赵景年前就在国中搜罗工匠,也在紧锣密鼓的研究火炮,但她也碰到了跟楚怀君一样的问题,看不懂图纸上的文字,这让她很恼火。

“养了你们这一群饭桶!”

将案上的竹简全部扫落,赵景阴沉着脸,怒不可遏。

李华殊已经攻下犬戎,随时都会兵发赵国。

现在不同周天子鼎盛时了,天子管不了诸侯之间的厮杀,被灭就只能认栽,之前的鲜虞就是最好的例子,鲜虞国君的尸骨都荡然无存,也没见天子过问一句。
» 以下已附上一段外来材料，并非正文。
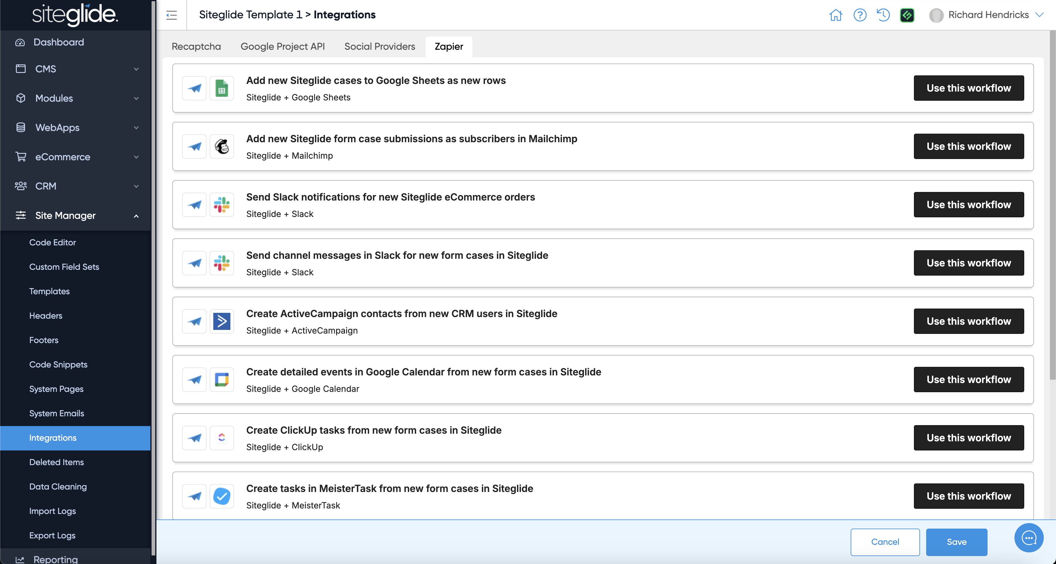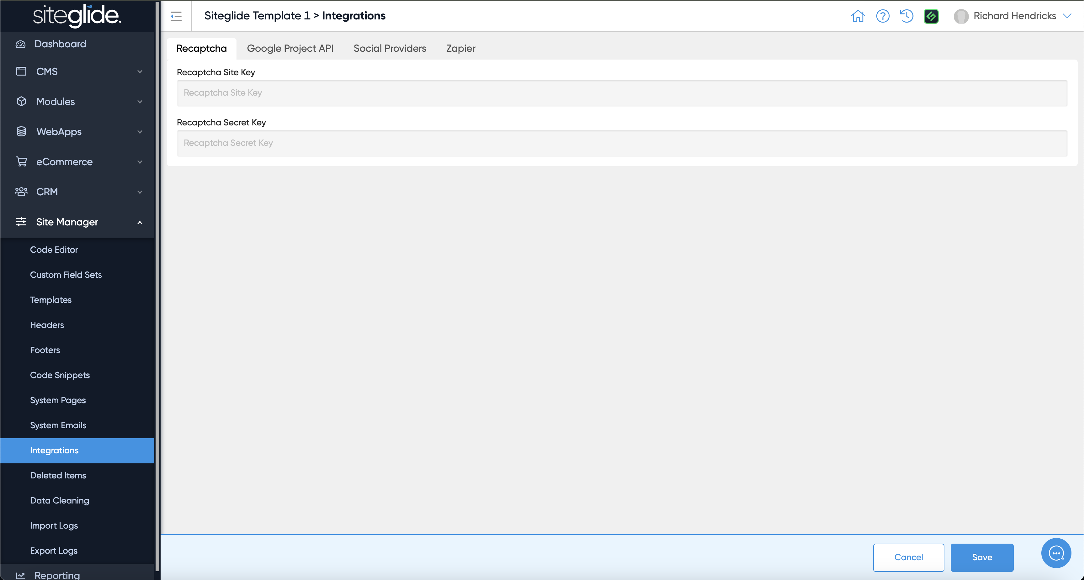 The Integrations area lets you manage various tools such as Recaptcha, Google APIs, Social Media Providers and Zapier.
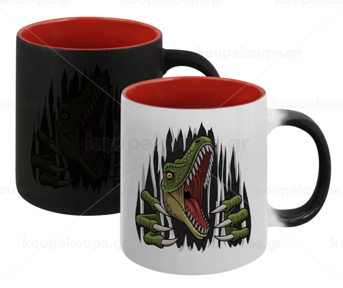 Dinosaur scratch, Κούπα Μαγική εσωτερικό κόκκινο, κεραμική, 330ml που αλλάζει χρώμα με το ζεστό ρόφημα
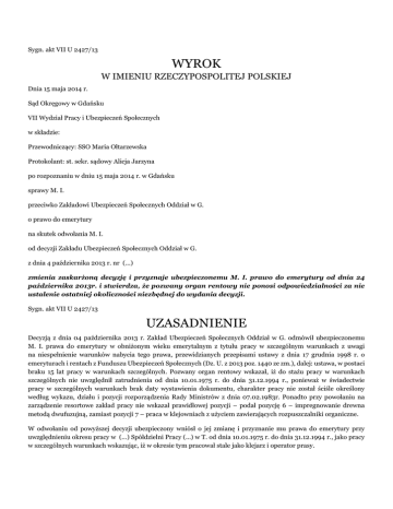 Sygn. akt VII U 2427/13 WYROK W IMIENIU RZECZYPOSPOLITEJ POLSKIEJ Dnia 15 maja 2014 r. Sąd Okręgowy w Gdańsku VII Wydział Pracy i Ubezpieczeń Społecznych w składzie: Przewodniczący: SSO Maria Ołtarzewska Protokolant: st. sekr. sądowy Alicja Jarzyna po rozpoznaniu w dniu 15 maja 2014 r. w Gdańsku sprawy M. I. przeciwko Zakładowi Ubezpieczeń Społecznych Oddział w G. o prawo do emerytury na skutek odwołania M. I. od decyzji Zakładu Ubezpieczeń Społecznych Oddział w G. z dnia 4 października 2013 r. nr (...) zmienia zaskarżoną decyzję i przyznaje ubezpieczonemu M. I. prawo do emerytury od dnia 24 października 2013r. i stwierdza, że pozwany organ rentowy nie ponosi odpowiedzialności za nie ustalenie ostatniej okoliczności niezbędnej do wydania decyzji. Sygn. akt VII U 2427/13 UZASADNIENIE Decyzją z dnia 04 października 2013 r. Zakład Ubezpieczeń Społecznych Oddział w G. odmówił ubezpieczonemu M. I. prawa do emerytury w obniżonym wieku emerytalnym z tytułu pracy w szczególnym warunkach z uwagi na niespełnienie warunków nabycia tego prawa, przewidzianych przepisami ustawy z dnia 17 grudnia 1998 r. o emeryturach i rentach z Funduszu Ubezpieczeń Społecznych (Dz. U. z 2013 poz. 1440 ze zm.), dalej: ustawa, w postaci braku 15 lat pracy w warunkach szczególnych. Pozwany organ rentowy wskazał, iż do stażu pracy w warunkach szczególnych nie uwzględnił zatrudnienia od dnia 10.01.1975 r. do dnia 31.12.1994 r., ponieważ w świadectwie pracy w szczególnych warunkach brak daty wystawienia dokumentu, charakter pracy nie został ściśle określony według wykazu, działu i pozycji rozporządzenia Rady Ministrów z dnia 07.02.1983r. Ponadto przy powołaniu na zarządzenie resortowe zakład pracy nie wskazał prawidłowej pozycji – podał pozycję 6 – impregnowanie drewna metodą dwufuzujną, zamiast pozycji 7 – praca w klejowniach z użyciem zawierających rozpuszczalniki organiczne. W odwołaniu od powyższej decyzji ubezpieczony wniósł o jej zmianę i przyznanie mu prawa do emerytury przy uwzględnieniu okresu pracy w (...) Spółdzielni Pracy (...) w T. od dnia 10.01.1975 r. do dnia 31.12.1994 r., jako pracy w szczególnych warunkach wskazując, iż w okresie tym pracował stale jako klejarz i operator prasy. W odpowiedzi na odwołanie pozwany organ rentowy wniósł o jego oddalenie, podtrzymując argumentację zaprezentowaną w zaskarżonej decyzji. Sąd ustalił następujący stan faktyczny: Ubezpieczony M. I. urodził się dnia (...) W dniu 26 września 2013 r. złożył w Zakładzie Ubezpieczeń Społecznych Oddział w G. wniosek o emeryturę w obniżonym wieku emerytalnym z tytułu pracy w szczególnym warunkach. Ubezpieczony nie jest członkiem Otwartego Funduszu Emerytalnego. Wymagany wiek 60 lat ubezpieczony ukończył w dniu 24 października 2013 r. W toku postępowania przed organem rentowym ubezpieczony udowodnił według stanu na dzień 01 stycznia 1999 r. staż sumaryczny 28 lat, 8 miesięcy i 3 dni okresów składkowych i nieskładkowych. Zaskarżoną w sprawie decyzją z dnia 04 października 2013 r. pozwany organ rentowy odmówił ubezpieczonemu prawa do emerytury w obniżonym wieku emerytalnym z tytułu pracy w szczególnym warunkach z uwagi na niespełnienie warunków nabycia tego prawa, tj. wobec nie udowodnienia 15–letniego okresu pracy w szczególnych warunkach. Od dnia 20 stycznia 1972r. ubezpieczony został zatrudniony w (...) Spółdzielni Pracy (...) w T. na stanowisku pracownika fizycznego w transporcie wewnętrznym. Następnie od dnia 10 stycznia 1975r. powierzono mu stanowisko klejarza, zaś od dnia 01 kwietnia 1982r. pracował jako operator urządzeń do okleinowania. Na tym stanowisku pracował do końca zatrudnienia w Spółdzielni (...) tj. do dnia 31 grudnia 1994r. Jako klejarz i operator prasy do okleinowania ubezpieczony rozprowadzał klej na powierzchni płyt meblowych i obsługiwał prasę, która dociskała okleinę do powierzchni płyty z warstwą kleju. Pracę tę ubezpieczony wykonywał stale i w pełnym wymiarze czasu pracy. Jako klejarz i operator prasy ubezpieczony przepracował łącznie 19 lat 11 miesięcy i 22 dni. Powyższy stan faktyczny Sąd ustalił na podstawie akt rentowych ubezpieczonego, jego akt osobowych a także zeznań świadków: K. P. i H. Ż.. Sąd dał wiarę zeznaniom świadków, bowiem ich zeznania są spójne i logiczne, pracowali oni w spornym okresie z ubezpieczonym, a nadto zeznania te znajdują potwierdzenie w dokumentacji osobowej ubezpieczonego. W aktach osobowych bowiem znajduje się pismo z dnia 27 stycznia 1975r., w którym podano, iż od dnia 10 stycznia 1975r. ubezpieczonemu proponuje się stanowisko klejarza i zaszeregowuje go do IV kat. zaszeregowania osobistego tj. 9zł za godzinę. Natomiast w angażu z 27 maja 1982r. przyznano ubezpieczonemu – jako operatorowi urządzeń do okleinowania – 8 kategorię zaszeregowania od dnia 01 kwietnia 1982r. Sąd zważył, co następuje: W świetle poczynionych ustaleń faktycznych odwołanie ubezpieczonego jest zasadne i z tego tytułu zasługuje na uwzględnienie. Ogólne zasady nabywania prawa do emerytury dla ubezpieczonych urodzonych po 1948 r. zostały uregulowane w treści art. 184 ustawy z dnia 17 grudnia 1998 r. o emeryturach i rentach z Funduszu Ubezpieczeń Społecznych (Dz. U. z 2013 poz. 1440 ze zm.), dalej: ustawa, zgodnie z którym ubezpieczonym urodzonym po dniu 31 grudnia 1948 r. przysługuje emerytura po osiągnięciu wieku przewidzianego w art. 32, 33, 39 i 40, którzy spełniają łącznie następujące warunki: 1) legitymują się okresem zatrudnienia w szczególnych warunkach lub w szczególnym charakterze wymaganym w przepisach dotychczasowych do nabycia prawa do emerytury w wieku niższym niż: 65 lat dla mężczyzn, 60 lat dla kobiet, 2) mają okres składkowy i nieskładkowy wynoszący co najmniej: 25 lat dla mężczyzn, 20 dla kobiet, 3 ) nie przystąpili do otwartego funduszu emerytalnego albo zło
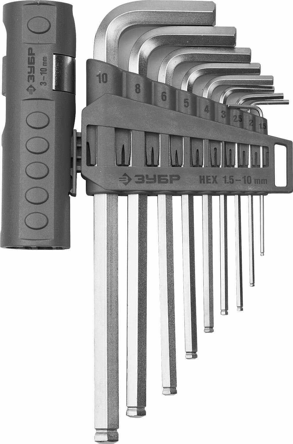 Купить Набор ЗУБР Ключи "эксперт" имбусовые длинные с шариком, Cr-Mo, сатинир. покр., держатель-рукоятка, HEX 1,5-10мм, 9 пред
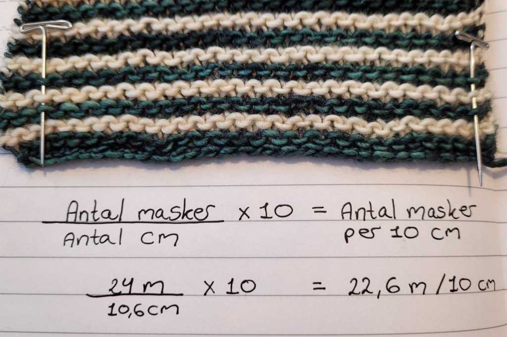 Derfor er min strikkefasthed før vask: 24 * 10 / 10,6 = 22,6 masker per 10 cm
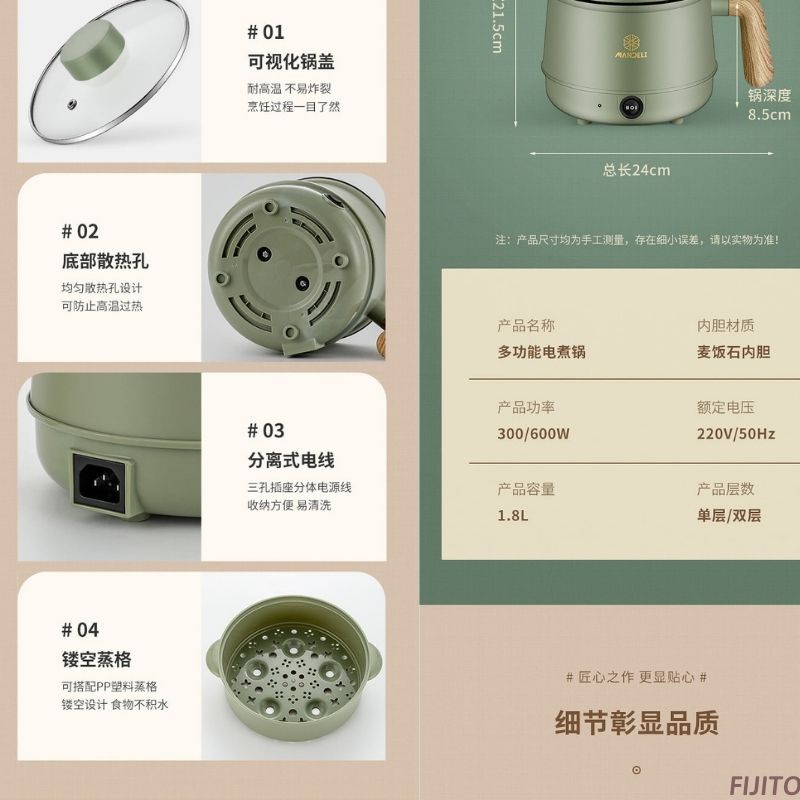 👍- Công suất: 50Hz/600W. Kích thước: Đường kính lòng nồi 18cm x chiều cao 10cm, có thể chứa dung tích 1.8 lit
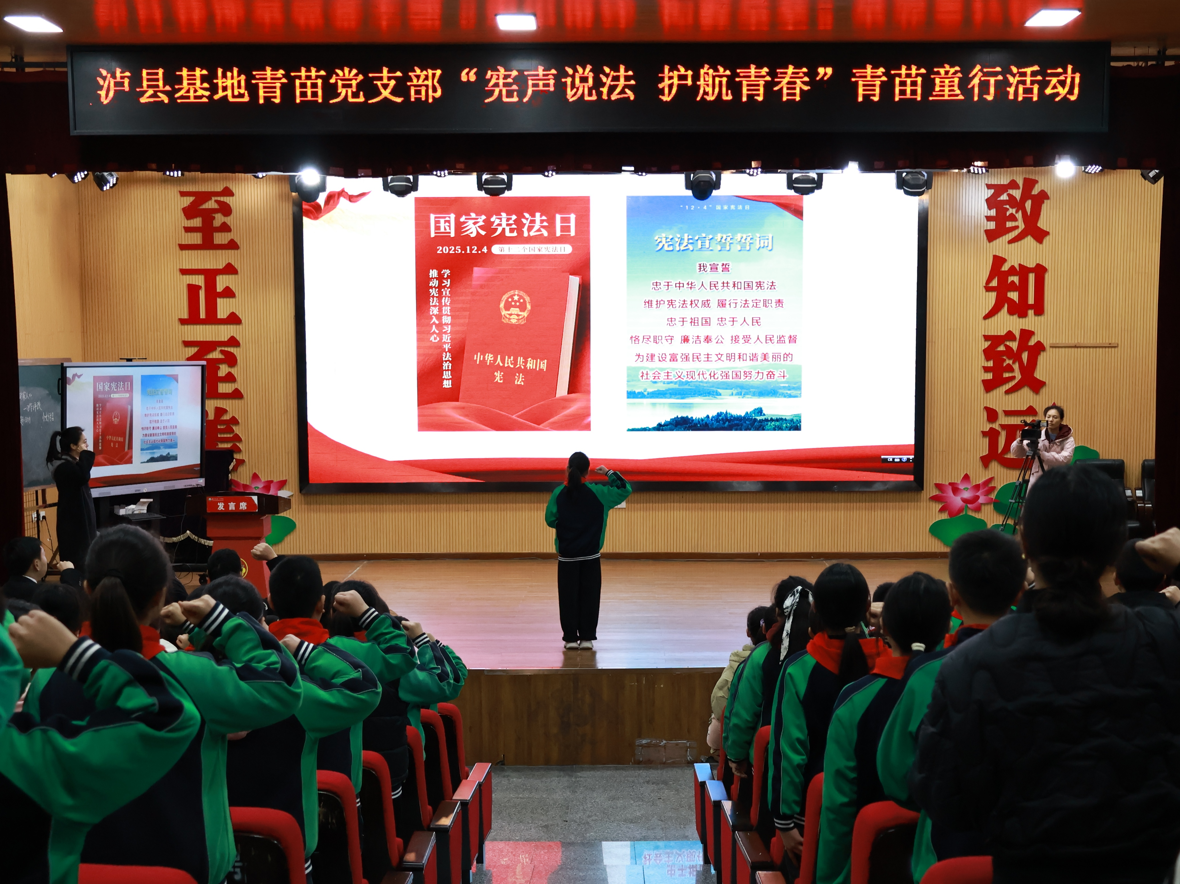 在泸县城东小学,一场模拟宪法宣誓活动正在进行。“我宣誓:忠于中华人民共和国宪法,维护宪法权威,履行法定职责,忠于祖国、忠于人民……”孩子们右手举拳,面向《中华人民共和国宪法》,庄严宣誓着。12月4日,时值我国第12个“国家宪法日”,四川省选调生实践锻炼泸县示范基地青苗党支部的选调生们走进泸县城东小学,以宪法为宣讲主题,为孩子们带来一堂生动深刻的宪法启蒙课。
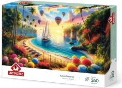 Ervaar een zalig gevoel van voldoening wanneer je het mooie beeld van Puzzel Azuurblauwe dromen stukje voor stukje samenlegt. Met 260 stukjes is deze puzzel ideaal voor zowel kinderen als volwassenen die van uitdagingen en kunst houden.
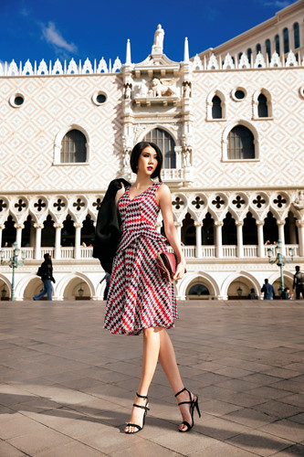 Bộ thứ sáu - Váy họa tiết tứ giác. Không chỉ dừng lại ở những kiểu mỹ đơn giản, kiểu váy họa tiết tứ giác trải dài theo phần thân áo kèm phần ghép nối mạnh mẽ này càng khiến Ngọc Quyên thêm phần đẳng cấp.
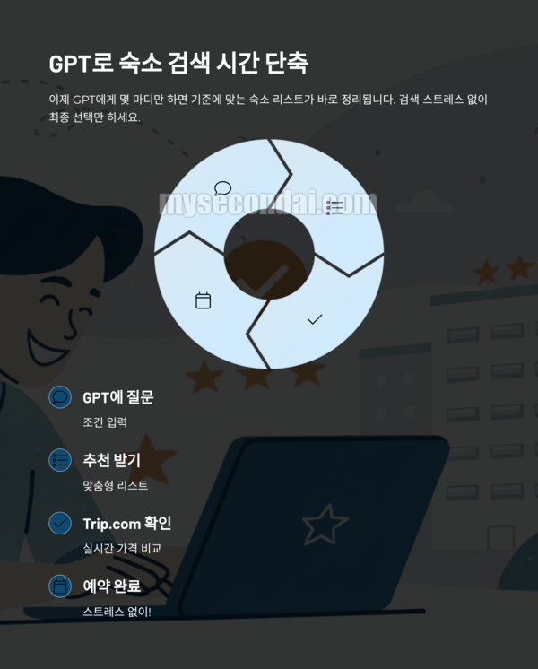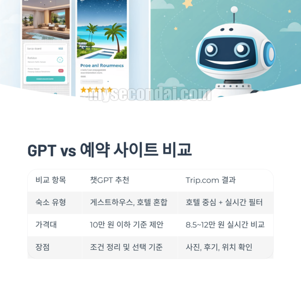 안녕하세요, 여행 준비를 즐기는 AI 활용러입니다. 요즘 챗GPT 덕분에 항공권부터 숙소까지 한 번에 비교하고 예약하는 방법을 찾았는데요, 진짜 꿀이에요. 특히 숙소는 조건이 복잡해서 검색만 해도 지치기 마련인데, 이젠 GPT에게 물어보면 1분 안에 정리된 추천 리스트가 나옵니다. 이번 글에서는 제가 실제로 숙소를 고르고 예약했던 과정, 프롬프트 예시, 그리고 Trip.com에서 최종 확정한 이유까지 솔직히 공유드릴게요.

赵景的几个心腹全都低头不敢出声,非是他们不尽心,实在是无能为力。

发了怒,赵景才重新冷静下来,“传信去齐国,请齐侯派兵相助。”

她将赵鸢送过去就是一桩交易,现在也该是要回报的时候了。

心腹得了恩赦那般立刻去执行,往齐国传信,但迟迟未等到齐侯出兵的消息。

赵国满朝公卿着急不已,唯有赵景反应过来,她那个好舅舅怕是不会出兵了。

“女公子……”忠仆小心上前。

赵景还未行继位之礼,就还不是国君,称呼还是没变。

并非是她不着急,而是公卿阻拦,为了大局着想,她不得不先顺从。

那个老东西已经病的起不来床了,国君之位迟早都是她的。

现在让她恼怒的是赵鸢,这个废物,一点用都没有,连齐侯都笼络不住!

赵景的脸藏在黑暗之中,朦朦胧胧的看不清。